Uzaylıların kafası bayağı karışır.
Sonra diğer coğrafyalara bakarlar. Yardımseverlik, emanete riayet, insana saygı, tabiata özen…
50 MERCEDES’LE CUMA’YA GİDEN Mİ BİSİKLETLE İŞE GİDEN Mİ
Bakar ki kral ama pilotluk yaparak ve bunun reklamını yapmadan halkına faydalı olmaya çalışıyor.
Başbakan ve Bakanlar, en ufak bir yolsuzluk ithamında -gerçek olmasa bile- istifa edecek kadar onurlu.
Bir yanda minicik yalanları ortaya çıkınca utanıp başbakanlıkları, bakanlıkları bırakanlar, diğer yanda o makamlarda utanma hissinden yoksun olarak sırtını yalanlara dayayarak ayakta durabilenler.

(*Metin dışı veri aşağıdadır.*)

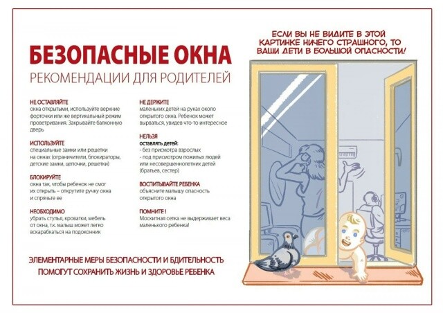 С наступлением теплой погоды появляется еще одна опасность для маленьких детей – открытые окна в квартирах. Малыши тянутся к открытым окнам и совершенно не задумываются о том, насколько это опасно, поэтому об этом должны позаботиться взрослые. Для обеспечения безопасности детей необходимо, чтобы они находились под вашим контролем, не доверяйте присмотр старшим детям. Элементарные меры безопасности помогут сохранить жизнь и здоровье ваших детей! Берегите своих детей!
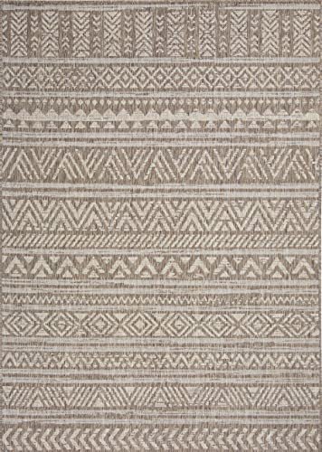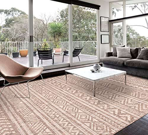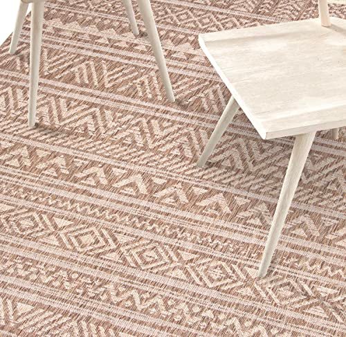 HOMEGNOME Indoor Outdoor Distressed Bohemian Area Rug (8’x10′, Natural Neutral) (Stain Resistant, Water Resistant, Easy to Clean, Washable, Suitable for Patio, Balcony, Living Room, Kitchen, Bedroom)

Bakar ki başbakan ama kiliseye makam aracıyla gitmiyor. Hatta makamına bisikletle gidiyor. Halkı gibi yaşıyor. Gurur ve kibirden beslenmiyor, ağzından kin ve nefret fışkırmıyor.
Gördükleri karşısında uzaylıların beyin devrelerinden dumanlar çıkar herhalde!
Ne kanaate varırlar? Herhalde Müslümanlığın şekli yanları Ortadoğu’da kalmış özü ve ahlaki tarafları batıya yerleşmiş diye düşünürler. Yani şekli Doğu’da, ruhu Batı’da.
Kimse kendine cennetten ‘Firdevs’ler, başkalarına cehennemden ‘Haviye’yle taksim etmemeli.
Allah âdil-i mutlaktır.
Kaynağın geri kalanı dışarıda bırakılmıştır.